Xi met three of his African counterparts Friday morning on the sidelines of the G20 summit of major world economies, which opened in Osaka amid the U.S.-China trade war, geopolitical tensions, and divisions over climate change.
“All leaders in the meeting stressed that unilateralism, protectionism, and bullying practices are on the rise, posing severe threats to economic globalization and international order, and severe challenges to the external environment of developing countries,” Chinese foreign ministry official Dai Bing told reporters.
Dai said the meeting involved Xi, South African President Cyril Ramaphosa, Egyptian President Abdel Fattah al-Sisi, and Senegal President Macky Sall.

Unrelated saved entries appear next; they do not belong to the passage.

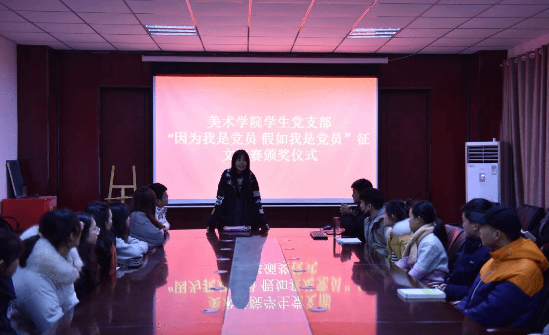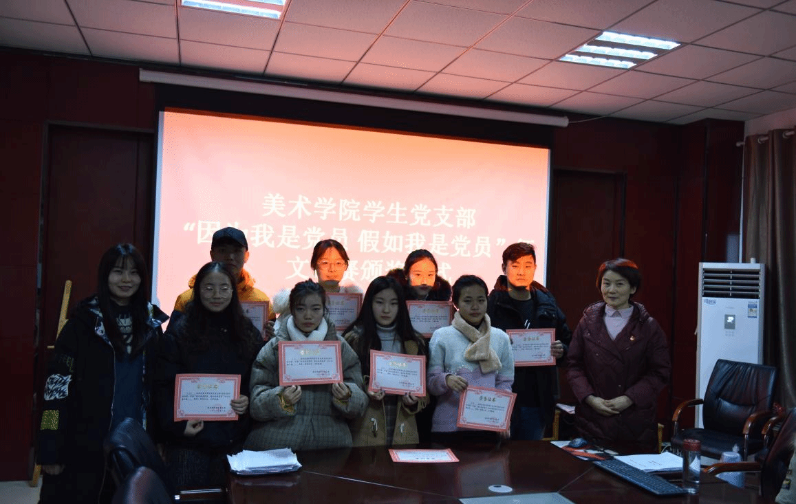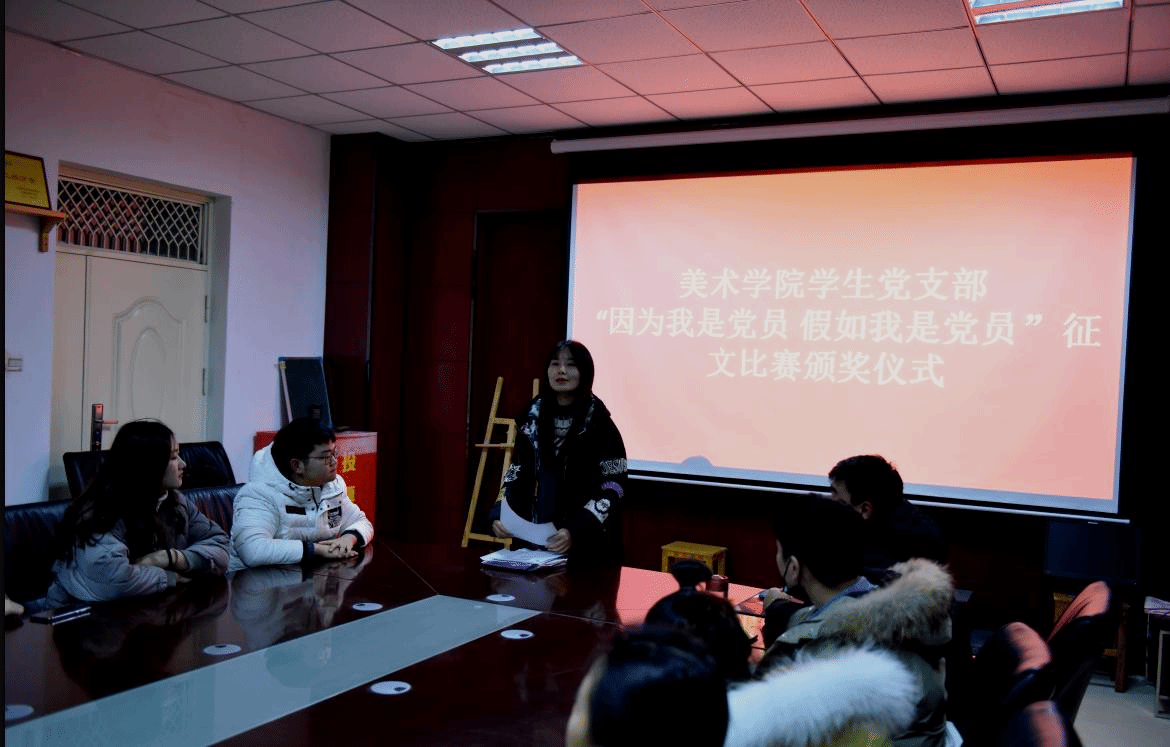 此次颁奖仪式由美术学院学生党支部书记杨璐主持,美术学院党总支副书记吴艳艳对获奖的同学颁发了证书及奖品。活动最后,学生党支部书记杨璐充分肯定了此次征文比赛的重要意义。她希望全体党员和入党积极分子要不断加强学习,学习政治理论,学好专业知识,学习身边的先进分子,在平时的学习工作中严格要求自己,时时处处要体现作为党员、入党积极分子的先进性,在青年学生中树立先进群体的良好形象。
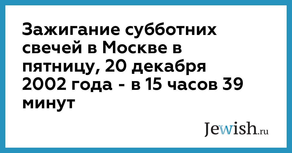 Зажигание субботних свечей в Москве в пятницу, 20 декабря 2002 года — в 15 часов 39 минут
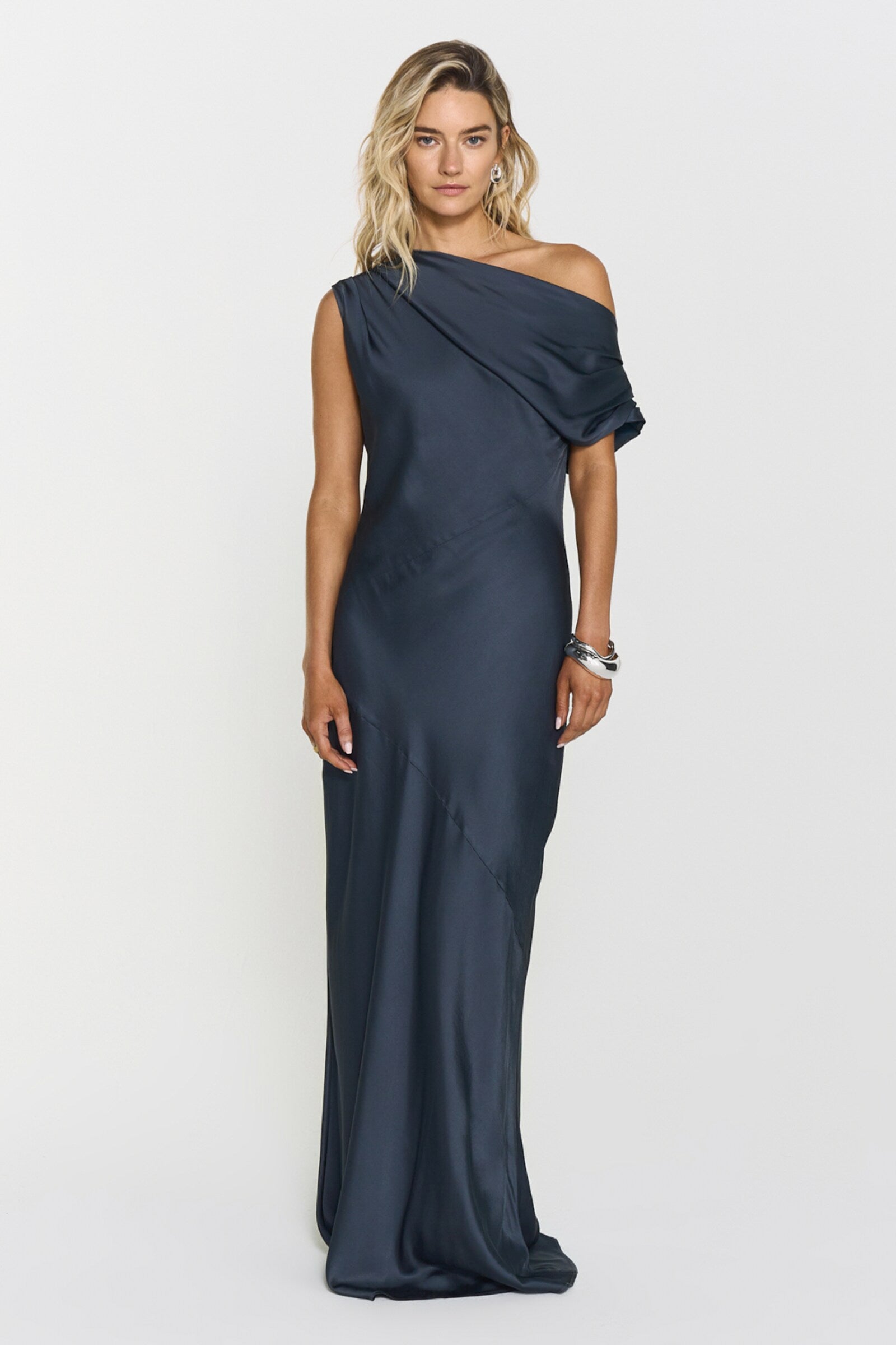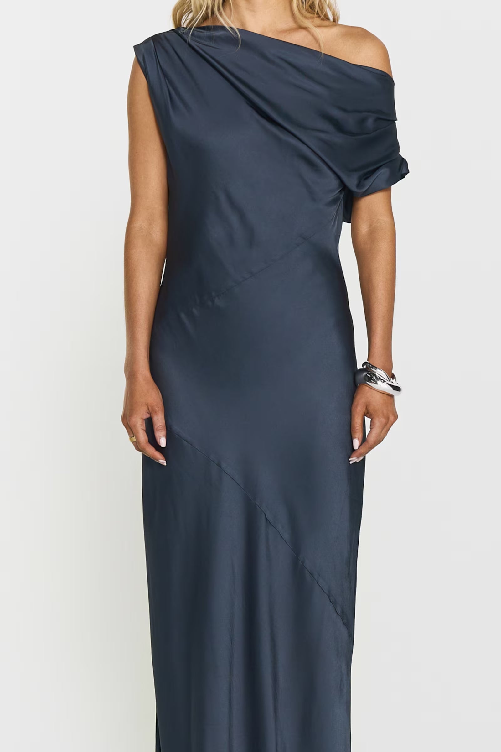 The Vanessa Satin Dress features a luxurious satin fabric, elegant cowl neckline, and flattering bias cut. Its maxi length creates a timeless silhouette, perfect for any festivities.
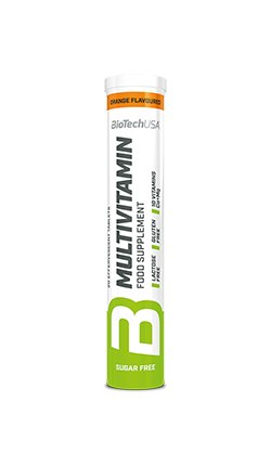 ОПИСАНИЕ ПОЧЕМУ МЫ РЕКОМЕНДУЕМ ШИПУЧУЮ ТАБЛЕТКУ MULTIVITAMIN ? Содержит: 10 видов витаминов 2 вида минералов без сахара без лактоза без глютена КОМПЛЕКСНЫЙ СОСТАВ, КОМПЛЕКСНЫЕ ФУНКЦИИ Окажите поддержку своему организму и взбодрите повседневную жизнь шипучей таблеткой Multivitamin от BioTechUSA, содержащей 10 витаминов и 2 минерала. Благодаря своему комплексному составу, таблетка может стать идеальным выбором, если помимо активного образа жизни и сбалансированного питания, вы пожелаете добавить ещё что-нибудь для достижения оптимального функционирования вашего организма. ЭНЕРГИЯ Содержашиеся в продукте ниацин (витамин В3), рибофлавин (витамин В2), витамин В6, тиамин (витамин В1), биотин (витамин В7), витамин С, кальций и магний участвуют в процессах нормального энергетического метаболизма. Кроме того, витамин С, ниацин, рибофлавин, витамин В6, витамин В12 и магний способствуют снижению утомляемости и усталости. КОСТИ Содержание витаминов С и D, а также кальция и магния в продукте способствует поддержанию здоровой нормальной структуры костей. МЫШЦЫ Содержащиеся в продукте кальций и магний поддерживают нормальную деятельность мышц, а витамин D способствует поддержанию здоровой функции мышц. ИММУННАЯ СИСТЕМА Имеющиеся в составе продукта витамины В6, В12, С и D способствуют нормальному функционированию иммунной системы. АНТИОКСИДАНТНЫЙ ЭФФЕКТ Содержащиеся в составе продукта витамин С и рибофлавин (витамин В2) способствуют защите клеток от окислительного стресса.

President Trump: "The relationship is very good with China. As to whether or not we can make a deal, time will tell, but the relationship itself is really great. We had an amazing week. We have a very good friendship. We have a very, very good friendship." #G20 pic.twitter.com/nSoiceBkZh
— The Hill (@thehill) June 29, 2019
Although attributed to the four leaders, China’s characterization of the meeting used wording that Beijing typically wields to criticize the Trump administration, suggesting Xi may take a firm line into his Saturday meeting with the U.S. president. All eyes will be on whether the two leaders can agree to a truce in a trade dispute that has been damaging for the world economy.
Before arriving in Japan, Trump had said China was eager for a truce because its economy was “going down the tubes” and appeared to threaten another $325 billion in tariffs in addition to the $200 billion Washington has already imposed. But Trump largely held his tongue Friday as official summit events got underway.
Efforts by the rivals to reach a trade deal fell apart in May, putting a heavy focus on Osaka and Saturday’s encounter. Experts believe there is little chance of a full deal at the G20, saying the best hope is for a truce that would avoid Washington imposing new tariffs and ramping up the conflict. But even a truce is not guaranteed, with the Wall Street Journal reporting Thursday that Beijing will not agree to any deal unless Washington lifts its ban on Chinese telecoms firm Huawei.